Some non-arc basalts are influenced by slab-derived fluids and sediments, resulting in arc-like geochemical signatures. These signatures include enrichment in large-ion lithophile elements and depletion in high-field-strength elements43,44. Therefore, it is essential to compile independent datasets to test whether our ML model can accurately discriminate between arc basalts and non-arc basalts with arc-like signatures33. One such case is Cenozoic intraplate basalts in Northeast China, which exhibit high H2O/Ce and Ba/Th ratios and low Ce/Pb ratios, suggesting the influence of subducted fluids and sediments from the flat slab in the mantle transition zone beneath the region45,46,47. Previous ML models, including random forest and deep neural networks, predicted that most of these Cenozoic intraplate basalts were affected by stagnant-slab-derived fluids48. Our ML model classified these Cenozoic intraplate basalts (n = 331) from Northeast China48 as non-arc basalts with ~99% accuracy.

Furthermore, some island arc basalts, such as those from the Mota arc (Vanuatu), exhibit atypical arc geochemical signatures, such as Nb enrichment44,49. Importantly, we incorporated typical Nb-enriched arc basalts, such as those from Panama, Costa Rica, and Kamchatka, into our training model50,51. Our ML model accurately recognized all of the atypical Mota arc basalts (n = 6)44. Consequently, the results of our independent model validation indicate that our ML model robustly distinguishes between arc and non-arc basalts.
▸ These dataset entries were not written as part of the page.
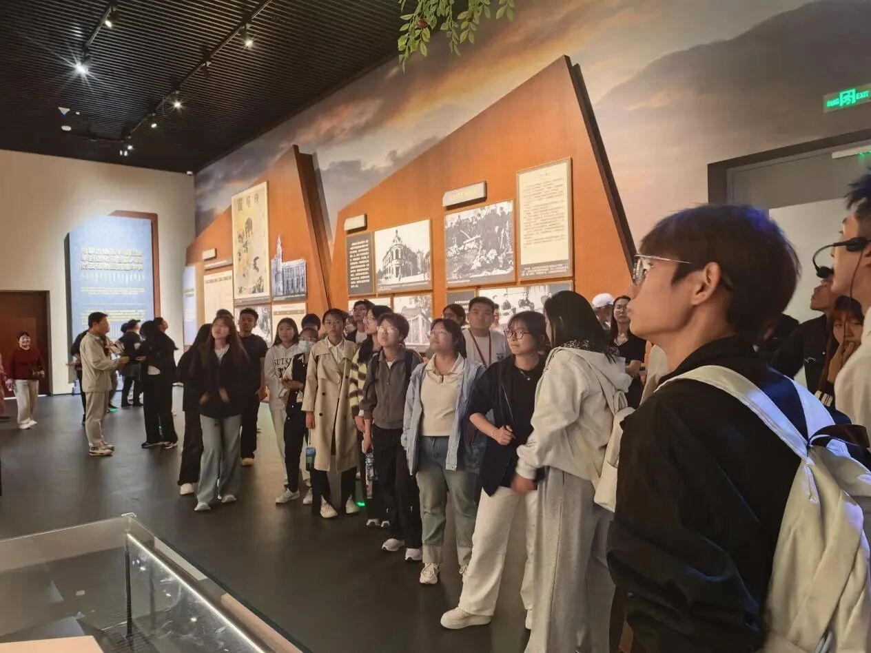 “解放之路”展厅展览面积近千平方米,展线长达数百米 ,以1840年鸦片战争为起点,至1949年新中国成立收尾,系统呈现了内蒙古地区波澜壮阔的革命岁月。泛黄的报纸、进步刊物以及早期革命者的手稿等文物,诉说着近代以来内蒙古人民在列强侵略与封建压迫下的觉醒与抗争,展现了仁人志士探索救亡图存道路的艰辛。展厅通过场景复原、重现了内蒙古各族儿女在抗日战争中浴血奋战的壮烈场景。逼真的战斗场景模型、锈迹斑斑的武器、战士们的家书等展品,让同学们仿佛置身于硝烟弥漫的战场,深刻感受到先辈们为民族独立不惜抛头颅、洒热血的坚定意志,这样沉浸式的观展体验让人深受触动。一位同学感慨道:“以前对内蒙古的解放历史了解并不深入,这次通过这些真实的文物和生动的场景,我仿佛触摸到了那段热血沸腾的历史,深刻体会到今天的和平与繁荣来之不易,作为新时代青年,我们更应铭记历史,努力奋斗。”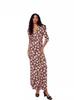 Vestido largo de verano con solapa y estampado de flores rosas, elástico, agradable para la piel, de una pieza, con cordones.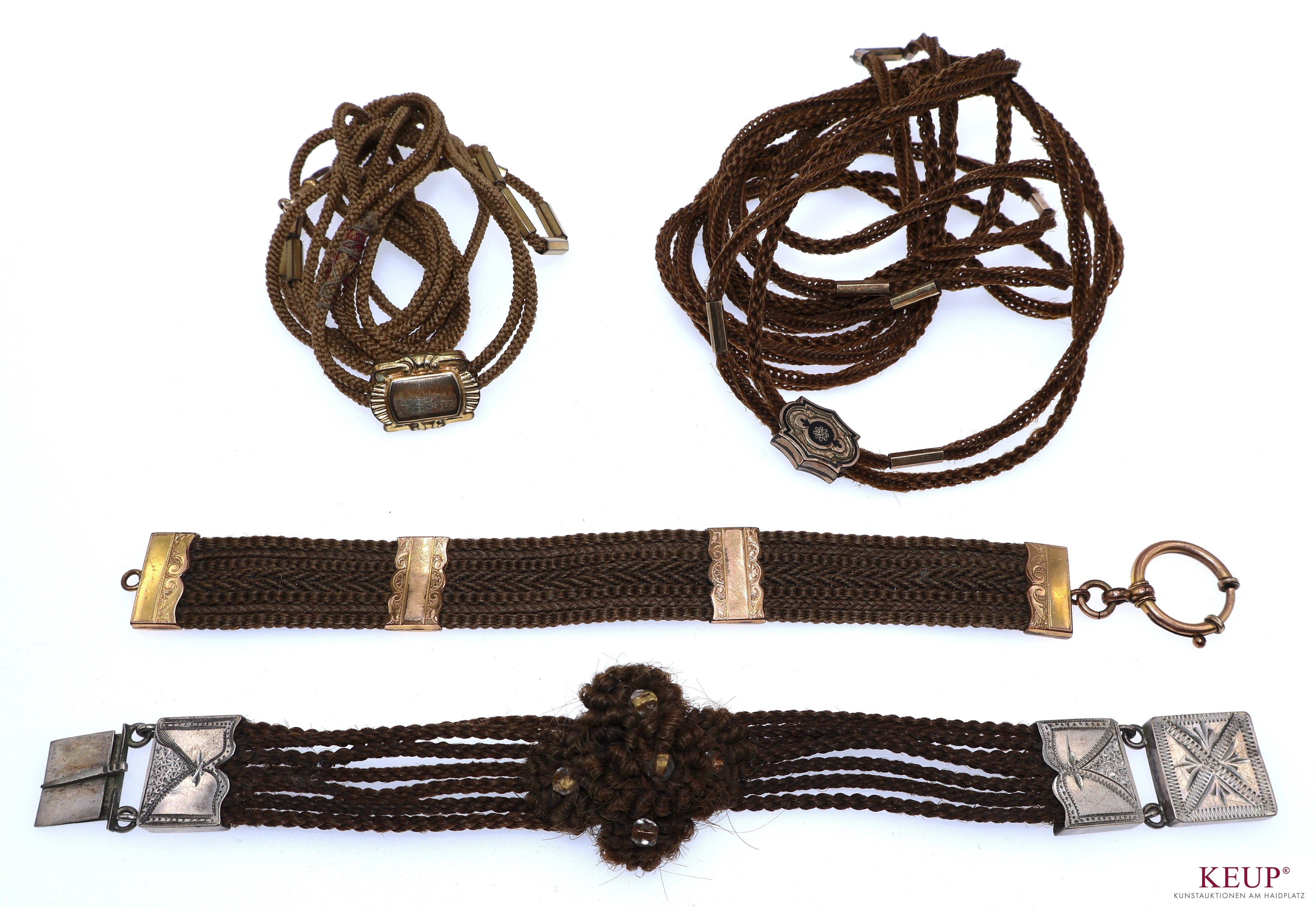Lot Echthaarketten verziert mit Bürgergoldelementen, bestehend aus. Zwei Halsketten und zwei Armbändern, versch. Dekor und Längen, Provenienz: Landkreis Regensburg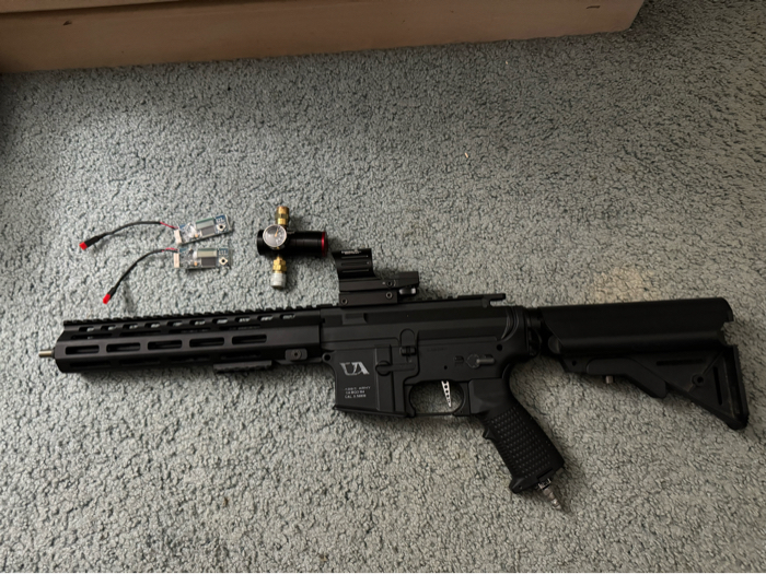 (Polarstar fusion engine v2 gen 3) (pro win hop up) (mad bull 6.01mm ultimate tightbore 7075 aircraft alloy barrel) (flat trigger) (fcu) (classic army ca mod m4 upper and lower receiver) (red line regulator)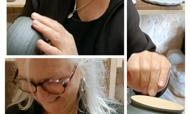 Initiation sur réservation, séance de 4 heures: Apprentissage de 3 techniques, bol pincé, tour de potier et travail à la plaque avec incrustation de végétaux ou dentelle.

We stress, though, that our ML model is primarily designed to classify arc vs. non-arc tectonic settings only for basalts and basaltic andesites (45–54 wt% SiO2), i.e., the SiO2 range included in our training dataset.

Secular changes of the sub-arc mantle fO2 since the late Neoproterozoic

A previous study suggested that the sub-arc mantle fO2 increased during ~0.8–0.4 Ga, based on the higher mean Fe3+/ΣFe and V/Sc ratios of Phanerozoic island arc igneous rocks compared to those of their Precambrian counterparts18. However, directly calculating mean values for individual island arc segments may be susceptible to preservation and sampling biases due to the uneven spatiotemporal sample distribution41,42, which could lead to highly variable observed mean Fe3+/ΣFe and V/Sc ratios in Precambrian rocks18. To mitigate this, we employed the weighted bootstrap resampling technique to minimize spatiotemporal preservation bias when estimating mean V/Sc ratios through time. Our analysis of V/Sc ratios in primitive arc basalts suggests a relatively stable value since the late Neoproterozoic (Fig. 2a).
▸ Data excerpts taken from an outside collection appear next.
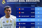 赛后,德转跟进报道,罗德里戈31场进球荒本世纪皇马进攻球员中排名第4长,仅次于41场的伊斯科、33场的菲戈和范德法特,与马里亚诺并列第四。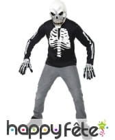 Cette tenue est complétée par une cagoule floquée à l'avant de la tête d'un squelette souriant.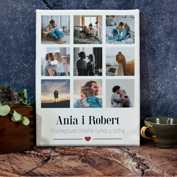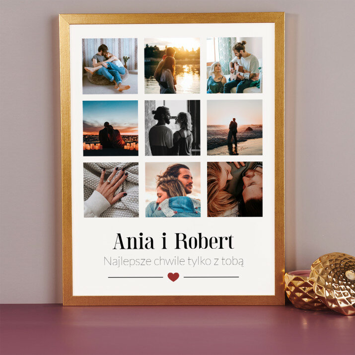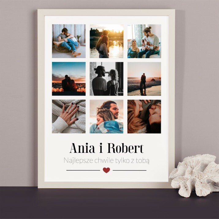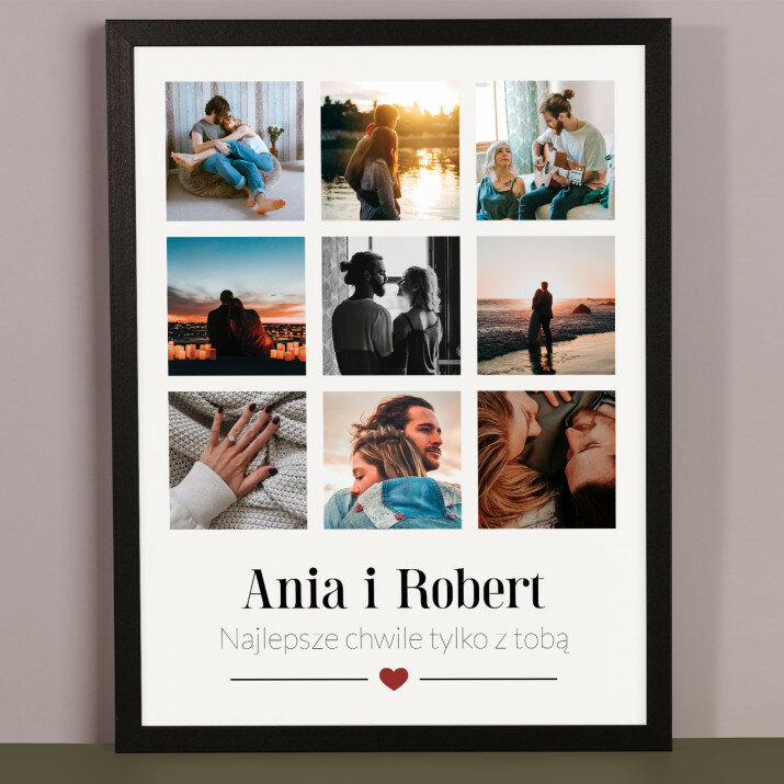 Piękna kompozycja Twoich zdjęć z kilkoma słowami prosto z serca oraz podpisami. Idealny prezent dla tych, z którymi łączy Cię mnóstwo wspomnień. Wystarczy wybrać ulubione fotografie najważniejszych dla Was chwil, a powstanie pamiątka, która zostanie z obdarowaną osobą na zawsze. To również niezwykle oryginalna i efektowna dekoracja do mieszkania.WYKONANIE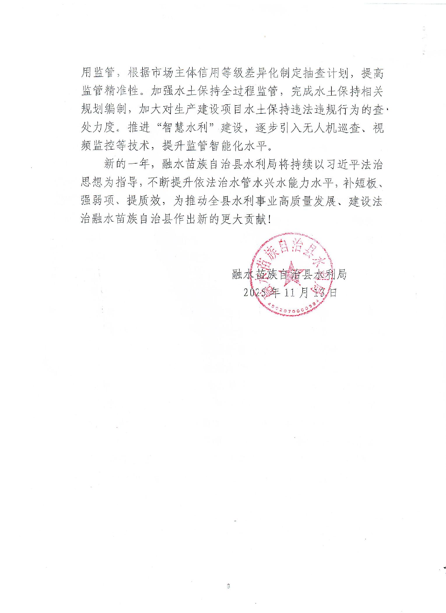 融水苗族自治县水利局2025年法治政府建设工作报告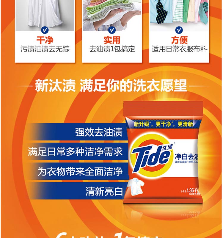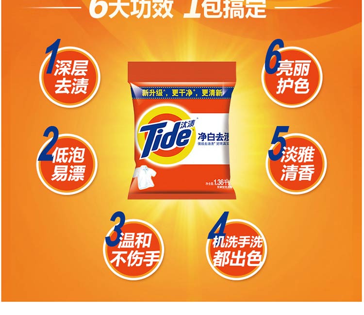 汰漬(TIDE) 凈白去漬 無(wú)磷洗衣粉 1.36kg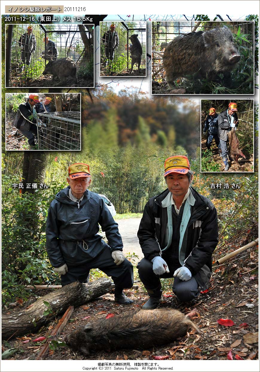 東田上東部の市道沿いの竹藪に設置された箱罠である。この箱罠による捕獲は今回で3度目になり、今年の4月23日以来8カ月ぶりだ。いずれも小型であったが、この箱罠は強度面で問題があるため、イノシシが大型であるよりも逆に小さい方が安心だ。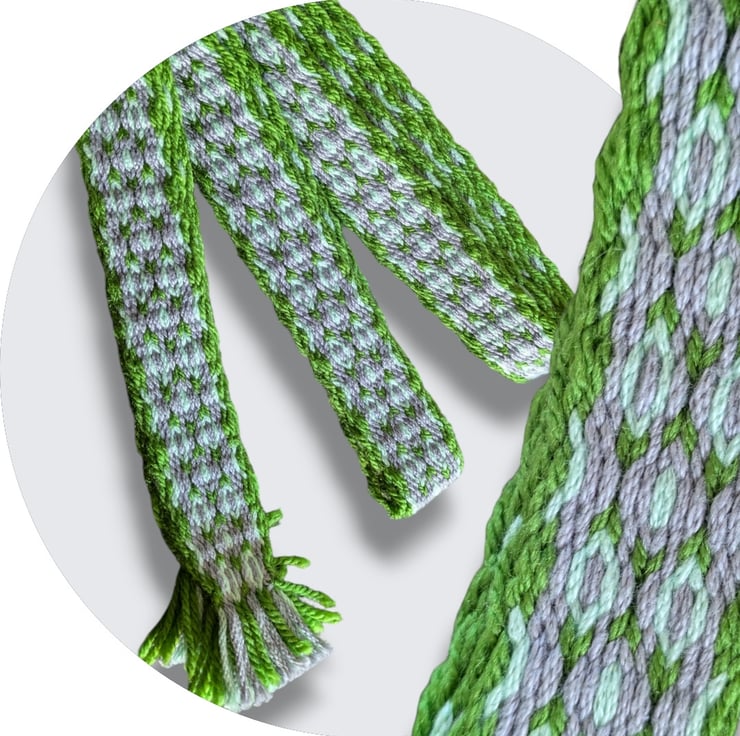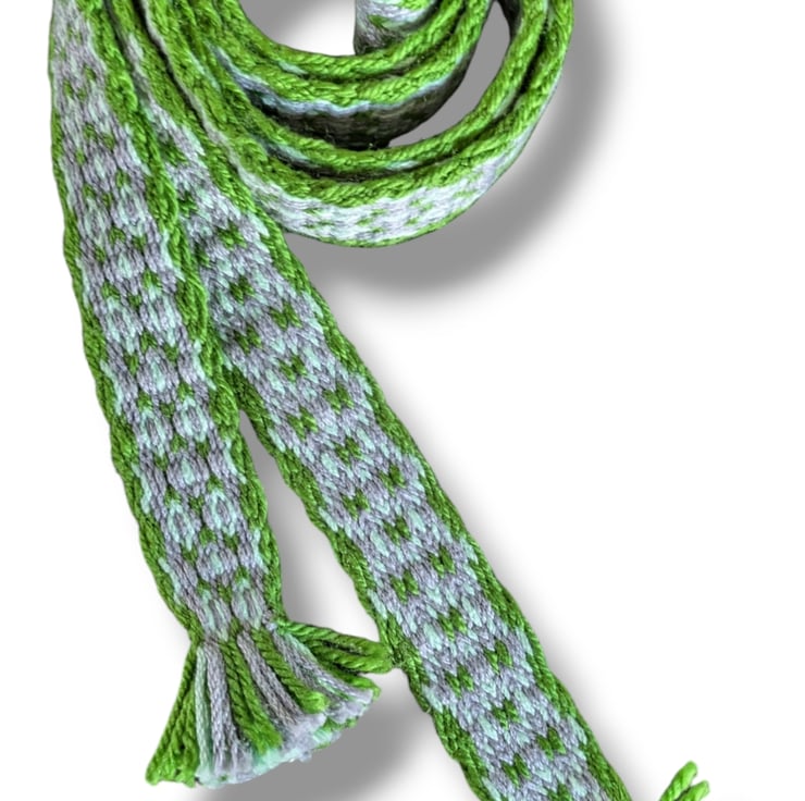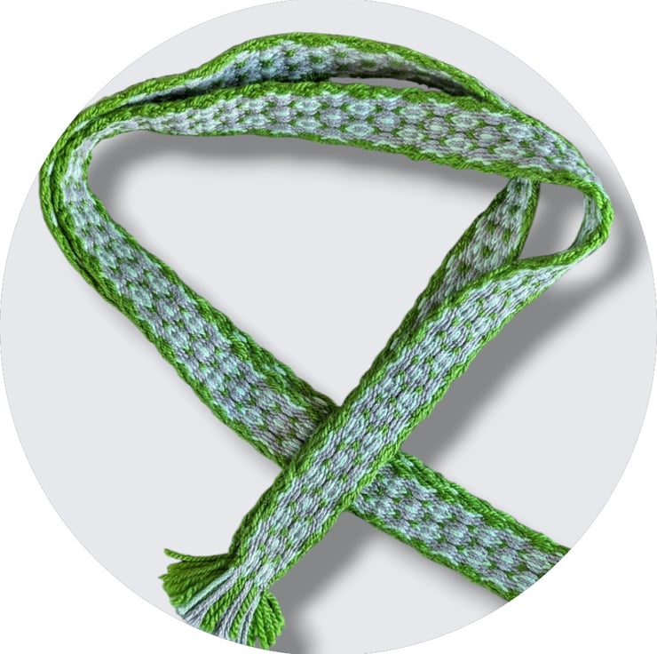 This item is for one handwoven belt the technique of tablet weaving. This is in a diamond pattern.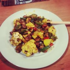En una cazuela echamos una cucharada de aceite de sésamo y a fuego alto echamos las verduras y el pollo con toda la mezcla en la que lo hemos marinado. Añade el azúcar. Remuece y salpimenta. Tápalo y deja que se haga durante 20 minutos. Remueve de vez en cuando y comprueba que el pollo esté bien hecho.

Furthermore, the identified island arc igneous rocks may have been compromised by traditional tectonic-magmatic discrimination methods, which are less accurate32. Additionally, their compiled dataset of island arc igneous rocks exhibits significant compositional variability, including mafic, intermediate, and felsic compositions (~40–80 wt% SiO2). However, it is only plausible to constrain the sub-arc mantle fO2 using medium- to high-silica magmatic rocks if the degrees of partial melting, fractional crystallization, and assimilation are well understood. Otherwise, these processes may obscure the fO2 information inherited from the mantle source. In comparison, primitive basalts effectively reflect the composition and redox state of the mantle source.

Moreover, some compiled whole-rock Fe3+/ΣFe data were obtained using wet chemical methods18, including colorimetry and titration. Colorimetric measurements are known to overestimate Fe3+/ΣFe ratios in basaltic samples, whereas titration methods are more reliable52. Furthermore, Mariana back-arc basalts are systematically more reduced than the sub-arc mantle there19. Considering that the back-arc rocks were included in the analysis18, the temporal evolution of Fe3+/ΣFe and V/Sc ratios they reported may be biased by the preservation and sampling of both arc and back-arc rocks. In summary, the secular evolution of Fe3+/ΣFe and V/Sc ratios previously reported in island arc igneous rocks is undermined by issues of sample representativeness and data reliability (Supplementary Figs. S11S14). Notably, variations in these ratios may not fully reflect changes in sub-arc mantle fO2 because they are also influenced by melting pressure (P), temperature (T), mantle source composition, and the degree of partial melting. Therefore, it is necessary to more quantitatively constrain the secular evolution of the sub-arc mantle fO2.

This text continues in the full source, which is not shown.